Connections: This lesson brings together the polymer structures from Lessons 21–22 (addition and condensation polymerisation, monomer identification) and applies them to real-world environmental and materials contexts that are central to Module 7's broader sociocultural themes.
🏆 Review
What are the three main structural variables that determine a polymer's bulk properties?
(1) Chain length — longer chains → higher Tm, greater tensile strength, more entanglement. (2) Branching — more branches → lower density, more flexible, lower Tm (chains cannot pack closely). (3) Cross-linking — covalent bonds between chains → rigid 3D network, cannot melt (thermoset behaviour), insoluble.
Explain the difference between a thermoplastic and a thermoset at the molecular level.
Thermoplastic: no covalent cross-links between chains; chains held by intermolecular forces (dispersion, dipole-dipole, H-bonds). On heating, these IMFs weaken reversibly → chains can flow → can be remoulded. Recyclable. Examples: PE, PVC, PET, nylon. Thermoset: extensive covalent cross-links between chains form a permanent 3D network. On heating, the covalent cross-links do NOT break → polymer decomposes (chars) rather than melting. Cannot be remoulded or recycled by melting. Examples: bakelite, epoxy, vulcanised rubber.
State the Resin Identification Codes 1–6 and identify which two have established recycling streams in Australia.
1 = PET (drink bottles), 2 = HDPE (milk jugs, detergent bottles), 3 = PVC (pipes), 4 = LDPE (plastic bags), 5 = PP (yoghurt tubs), 6 = PS (foam cups). Most established recycling streams: codes 1 (PET) and 2 (HDPE). Codes 3, 6, and 7 are rarely recycled due to contamination, toxic by-products (PVC), or economic unviability.
Why are most synthetic addition polymers non-biodegradable? What does happen to them in the environment?
Non-biodegradable because: the C-C backbone of addition polymers cannot be cleaved by microbial hydrolase enzymes. Unlike ester bonds (in polyesters) or amide bonds (in proteins), C-C bonds have no hydrolysable linkage for enzymes to attack. What does happen: UV radiation + mechanical stress cause photodegradation and physical fragmentation into microplastics (<5 mm). These microplastics accumulate in food chains and have been detected in deep ocean sediment, Arctic ice, human blood, and placental tissue.

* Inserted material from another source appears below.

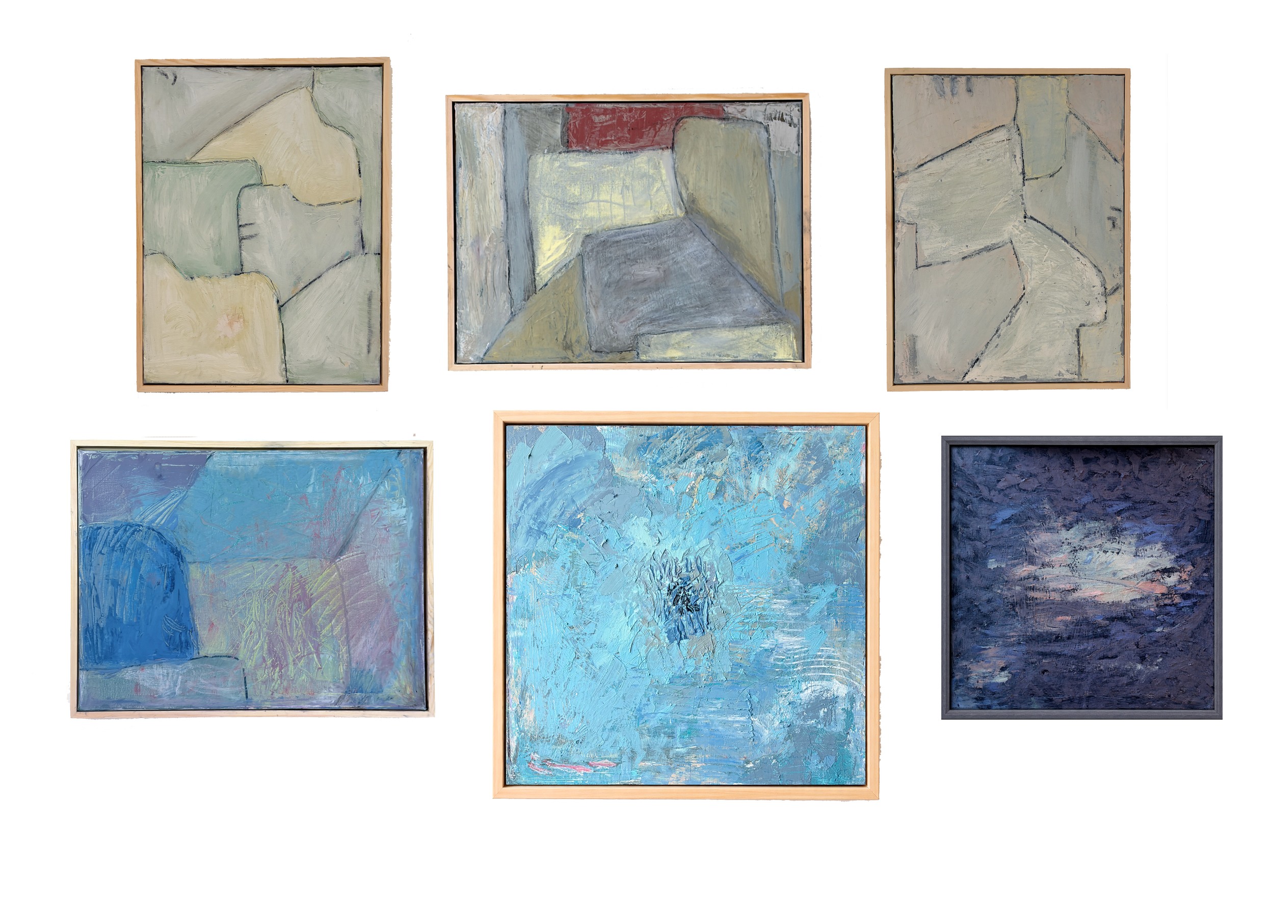 I’m drawn to paintings that feel spacious but not empty, with a kind of weathered lyricism. Some forms suggest landscape, coastline, architecture, or memory, but I’m less interested in depicting a place than in creating a felt experience of one. I want the work to hold both tension and calm: softness interrupted by edge, harmony complicated by friction.

State one limitation of PLA bioplastics as an alternative to conventional polyethylene bags.
PLA requires industrial composting conditions (>60°C, controlled humidity) to degrade effectively — it does NOT break down in home compost, landfill, or ocean environments at ambient conditions. If PLA bags enter the conventional plastic recycling stream, they contaminate PET recycling (same code 7 or misidentified as code 1). Additionally, PLA does not solve the problem of existing plastic pollution in the environment.